Princeton-CDH / geniza

version 4.x of the Princeton Geniza Project
https://geniza.princeton.edu
Apache License 2.0
11 stars 2 forks source link

Data cleanup for sources of unpublished transcriptions marked with languages (must be unspecified) #1464

Open kseniaryzhova opened 1 year ago

kseniaryzhova commented 1 year ago

In order to help you all maintain consistency across the DB, I've come up with a handful of lists for data cleanup. We can make a new chore issue if that's helpful. I imagine most of these that are unpublished will need the new "Unspecified" language option, but don't want to assume that and programmatically reassign all of them if that's incorrect for any.

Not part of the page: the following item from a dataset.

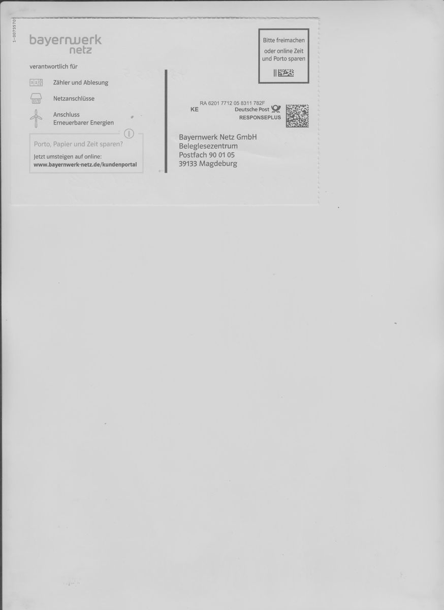 Heute wollte ich meinen Stromzählerstand auf einer Antwortkarte dem Bayernwerk mitteilen, auf der Karte stand: Deutsche Post RESPONSEPLUS, und oben rechts: Bitte freimachen oder online Zeit und Porto sparen. Da ich mit diesem Begriff nichts anfangen konnte, gleich mal im Netz nachgeschaut, Ergebnis:
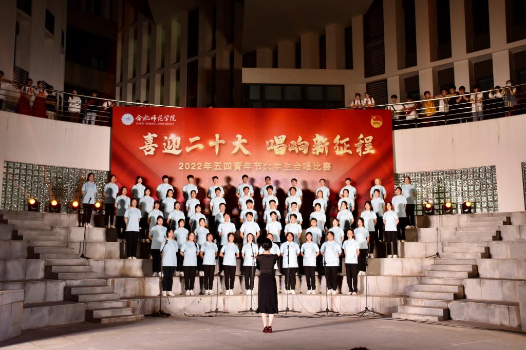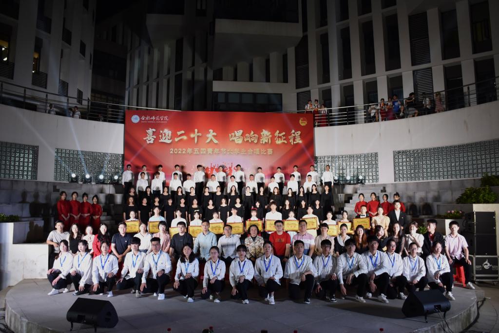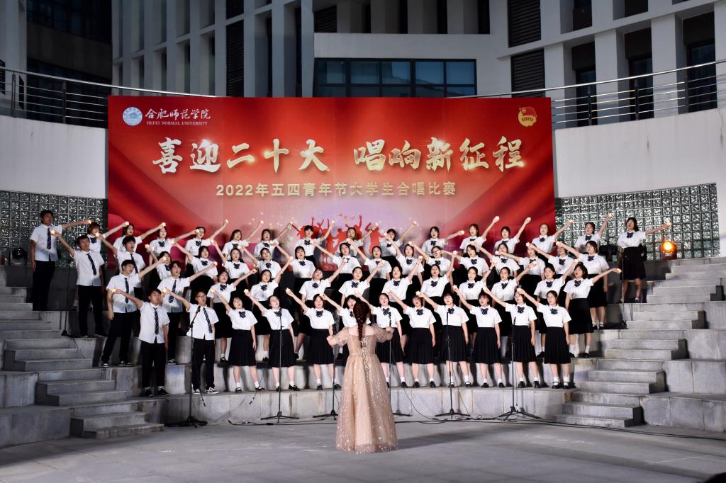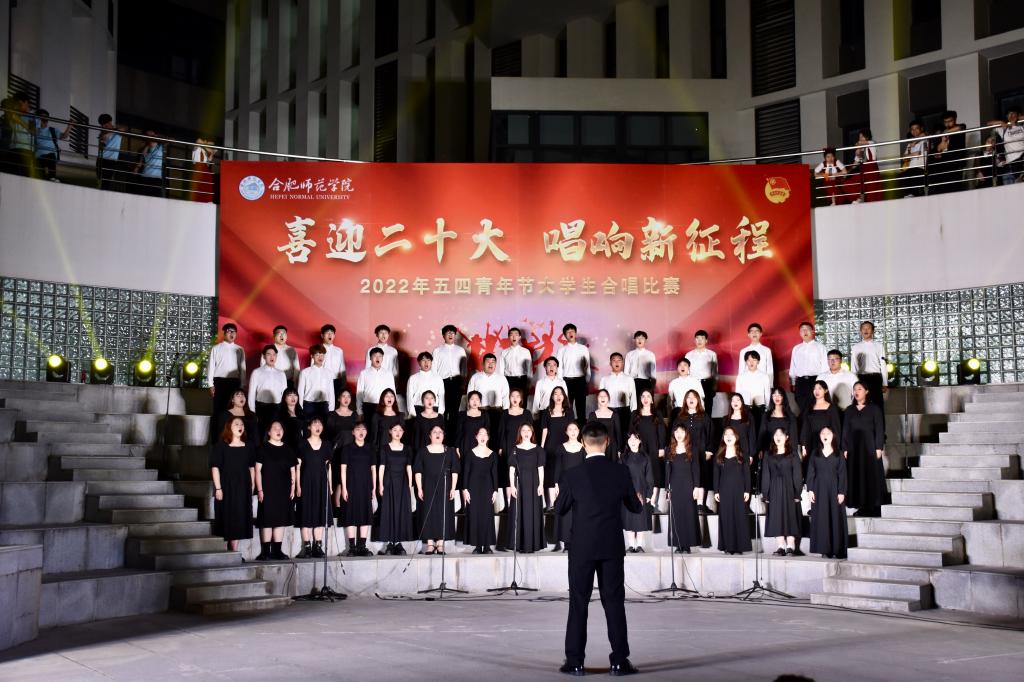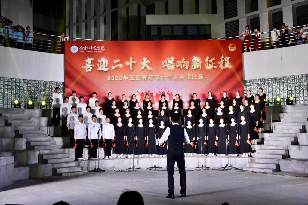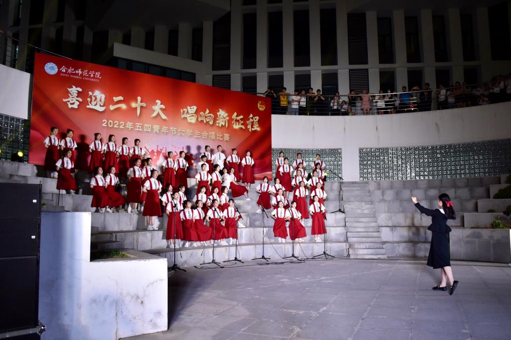 本网讯 为迎接党的二十大胜利召开,深入推进“喜迎二十大、永远跟党走、奋进新征程”主题教育实践活动,5月8日晚上,由院团委主办的“喜迎二十大 唱响新征程”五四大学生合唱比赛在滨湖校区举行。研究生处处长胡玉娟、院团委副书记刁文彬、外国语学院党委副书记马喆、马克思主义学院组织员束道锋,各二级学院团组织书记、各参赛学院指导老师及学生代表等400余人到场观看。音乐学院教师苏丽丽、谢梦珂、谭映、潘怡担任比赛评委。

Sources with no language selected (from before the constraint was added; note that all of these happen to be unpublished) Sources marked as Judaeo-Arabic (I assume all of these should be reassigned?) Sources marked as Ottoman Turkish (this too) Unpublished sources marked as Hebrew Unpublished sources marked as Arabic

It's possible there are other examples of non-unpublished editions incorrectly marked as Hebrew (I checked Arabic and didn't see any), so it's probably worth going through ALL the sources marked as being in Hebrew and checking them individually:

All sources in Hebrew

blms commented 11 months ago

@kseniaryzhova This one is now good to go, whenever you have time to look through these, as the new "Unspecified" language option is live in production.

richmanrachel commented 7 months ago

@blms and @kseniaryzhova - is this ready to close?

kseniaryzhova commented 7 months ago

@richmanrachel I'm keeping it open as a reminder to myself, but Ben's portion of the work is done, it's now in our hands. Lower priority given everything else though.